──────── Given data ────────
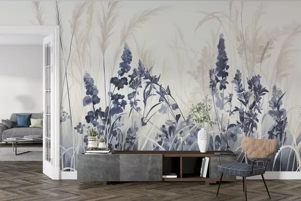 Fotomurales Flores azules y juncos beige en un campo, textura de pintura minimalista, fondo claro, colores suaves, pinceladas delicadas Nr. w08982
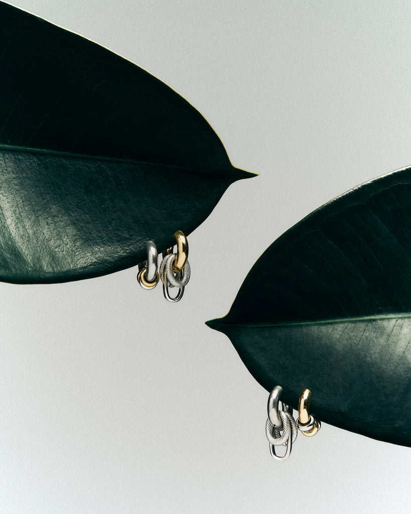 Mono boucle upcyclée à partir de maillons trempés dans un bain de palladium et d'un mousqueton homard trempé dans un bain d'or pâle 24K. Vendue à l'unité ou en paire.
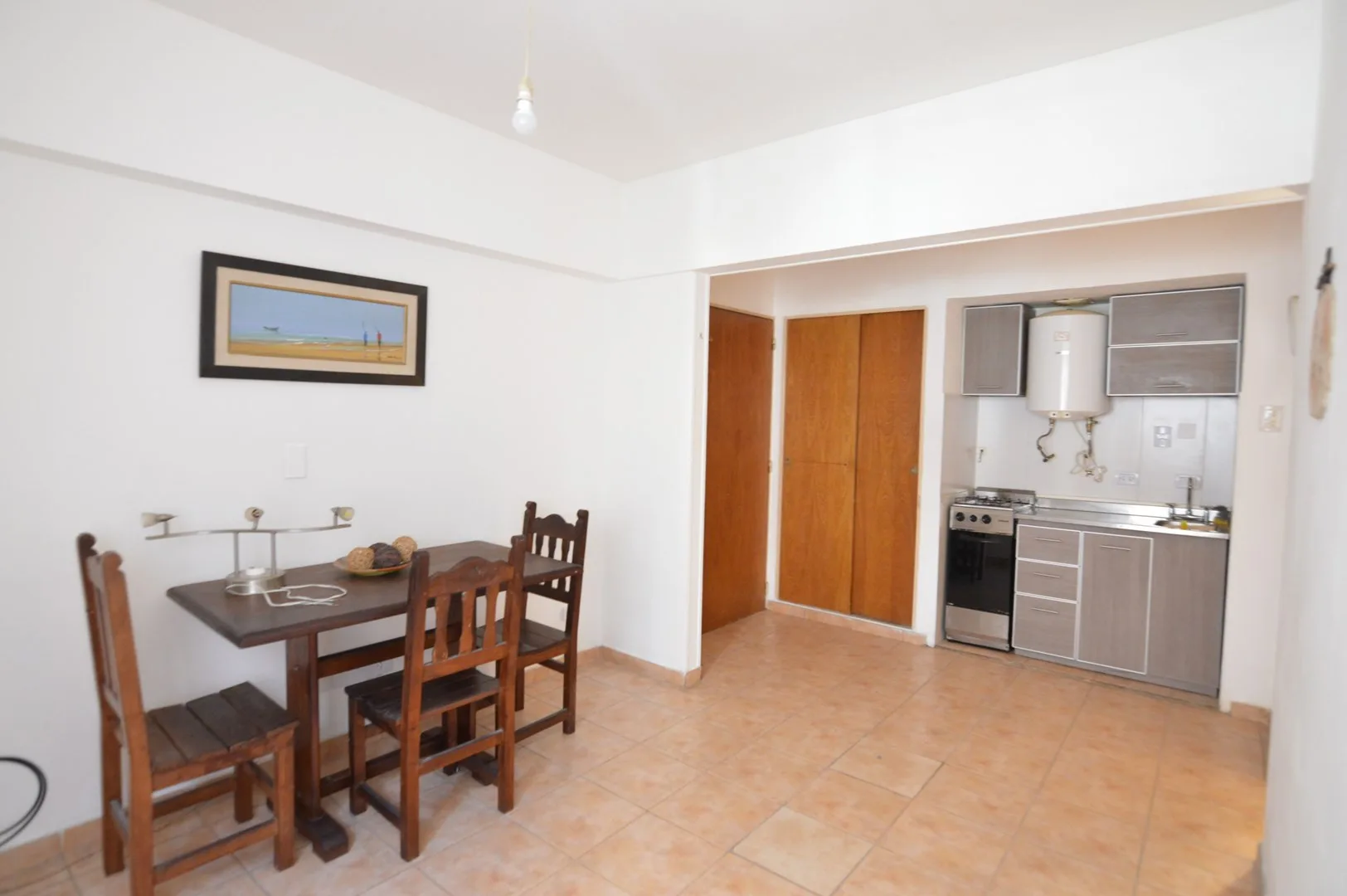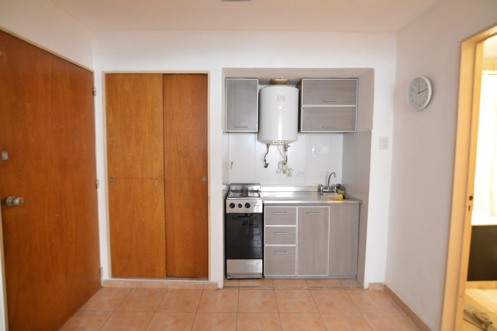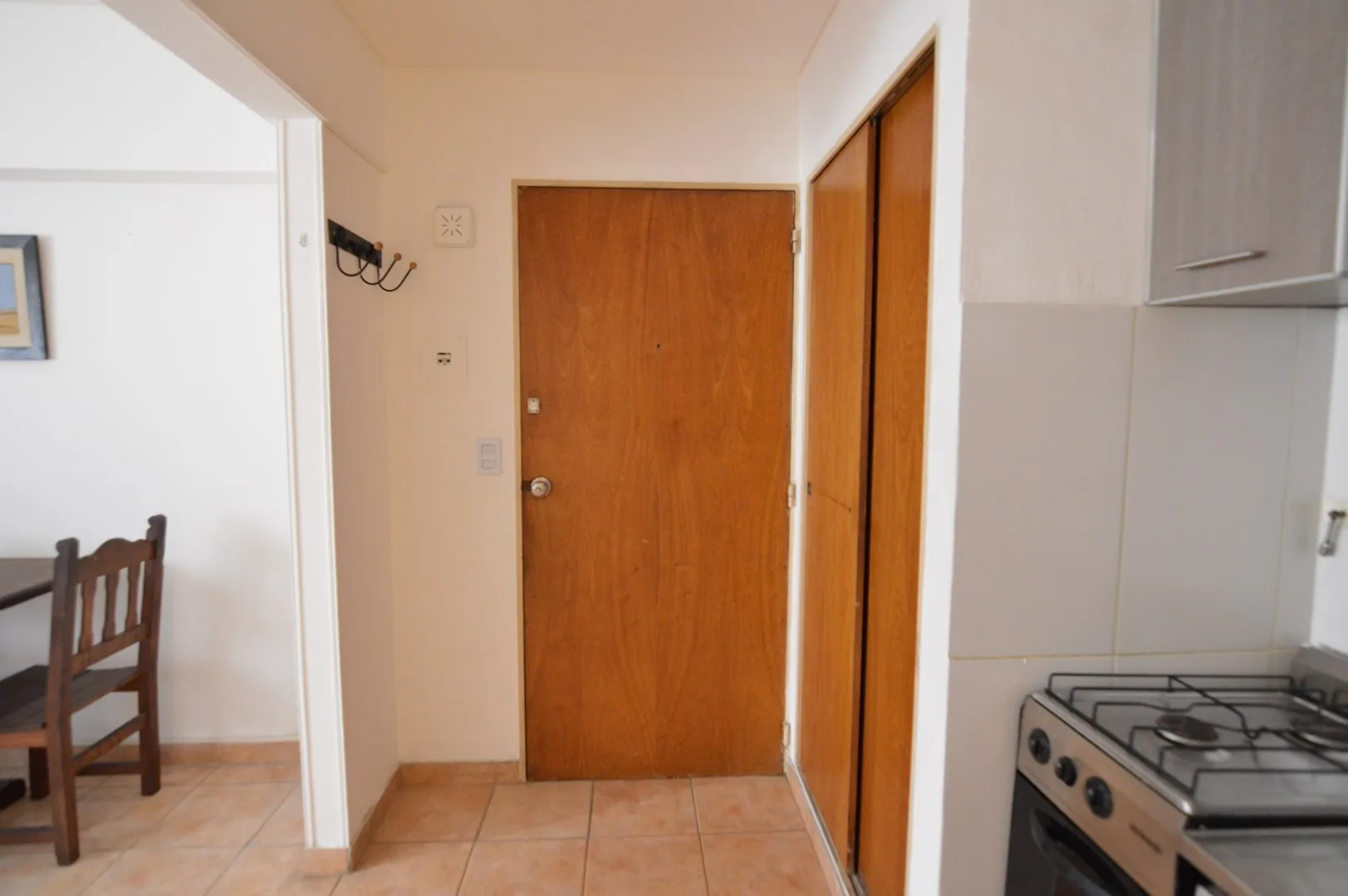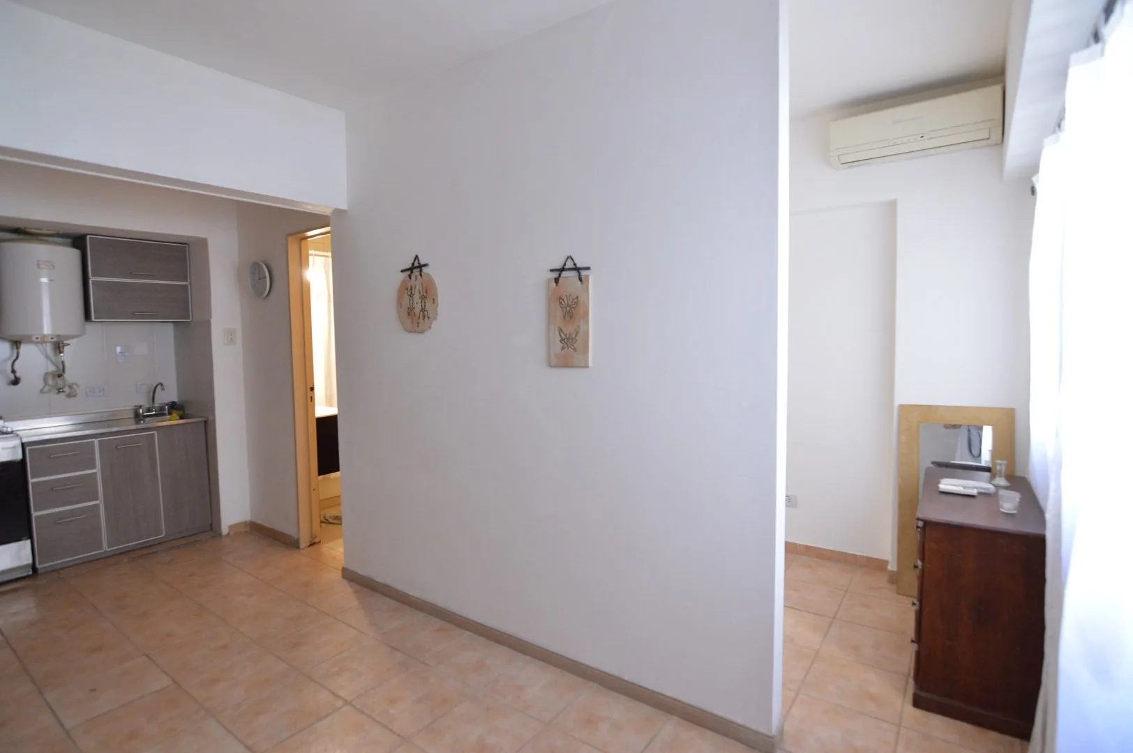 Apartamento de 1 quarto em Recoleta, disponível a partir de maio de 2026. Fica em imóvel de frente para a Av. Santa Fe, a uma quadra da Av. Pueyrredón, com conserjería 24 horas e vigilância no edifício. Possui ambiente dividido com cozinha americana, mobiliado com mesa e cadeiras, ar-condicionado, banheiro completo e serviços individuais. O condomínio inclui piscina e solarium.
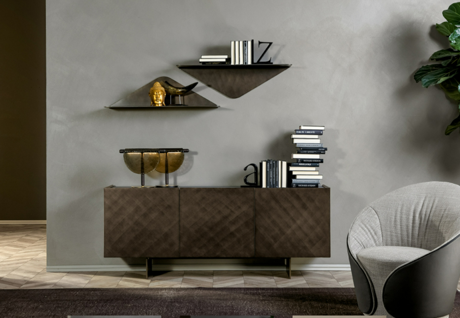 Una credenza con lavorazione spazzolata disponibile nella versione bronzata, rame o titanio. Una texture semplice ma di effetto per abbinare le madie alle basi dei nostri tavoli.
────────
The expected output is the full material above, unaltered, with pictures removed.

 Fotomurales Flores azules y juncos beige en un campo, textura de pintura minimalista, fondo claro, colores suaves, pinceladas delicadas Nr. w08982
 Mono boucle upcyclée à partir de maillons trempés dans un bain de palladium et d'un mousqueton homard trempé dans un bain d'or pâle 24K. Vendue à l'unité ou en paire.
 Apartamento de 1 quarto em Recoleta, disponível a partir de maio de 2026. Fica em imóvel de frente para a Av. Santa Fe, a uma quadra da Av. Pueyrredón, com conserjería 24 horas e vigilância no edifício. Possui ambiente dividido com cozinha americana, mobiliado com mesa e cadeiras, ar-condicionado, banheiro completo e serviços individuais. O condomínio inclui piscina e solarium.
 Una credenza con lavorazione spazzolata disponibile nella versione bronzata, rame o titanio. Una texture semplice ma di effetto per abbinare le madie alle basi dei nostri tavoli.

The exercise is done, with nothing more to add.